Manual Vault Secret Setup

If you prefer to configure secrets manually instead of using the automated script:

Get Vault Token

# Extract root token
kubectl get secret vault-root-token -n vault -o jsonpath="{.data}" | \
  jq -r 'to_entries[] | "\(.key): \(.value | @base64d)"'

Access Vault UI

Open https://vault.cnoe.localtest.me:8443/. When you are asked to log in to the Vault UI, use the root token from the previous step.

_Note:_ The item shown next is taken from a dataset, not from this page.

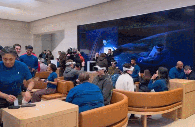 作为初代头显,苹果在宣传上为Vision Pro费了不少功夫,不但连发三条宣传片,而且在线下也为Vision Pro做了多样的展示环节。这样的宣传效果,吸引了不少的用户购买Vision Pro。据苹果零售店的店员透露,一些商店在展示Vision Pro演示后,其用户转化率能够高达10%至15%。

Configure Global LLM Settings

Navigate to secrets/ai-platform-engineering in Vault UI: https://vault.cnoe.localtest.me:8443/ui/vault/secrets/secret/kv/list/ai-platform-engineering/

The global secret is required and contains LLM provider configuration shared across all agents:

For Azure OpenAI (azure-openai):

LLM_PROVIDER: "azure-openai"
AZURE_OPENAI_API_KEY: <your-api-key>
AZURE_OPENAI_ENDPOINT: <your-endpoint>
AZURE_OPENAI_API_VERSION: <your-api-version>
AZURE_OPENAI_DEPLOYMENT: <your-deployment-name>

For OpenAI (openai):

LLM_PROVIDER: "openai"
OPENAI_API_KEY: <your-api-key>
OPENAI_ENDPOINT: <your-endpoint>
OPENAI_MODEL_NAME: <your-model-name>

For AWS Bedrock (aws-bedrock):

LLM_PROVIDER: "aws-bedrock"
AWS_ACCESS_KEY_ID: <your-access-key>
AWS_SECRET_ACCESS_KEY: <your-secret-key>
AWS_REGION: <your-region>
AWS_BEDROCK_MODEL_ID: <your-model-id>
AWS_BEDROCK_PROVIDER: <your-provider>

For Google Gemini (google-gemini):

LLM_PROVIDER: "google-gemini"
GOOGLE_API_KEY: <your-api-key>
GOOGLE_MODEL_NAME: <your-model-name>

For GCP Vertex (gcp-vertex):

LLM_PROVIDER: "gcp-vertex"
GCP_PROJECT_ID: <your-project-id>
GCP_LOCATION: <your-location>
GCP_MODEL_NAME: <your-model-name>

Configure Agent-Specific Secrets

For each agent you plan to use, populate all required fields in their respective secrets (e.g., github-secret, pagerduty-secret, jira-secret). All fields are required for the agent to function properly.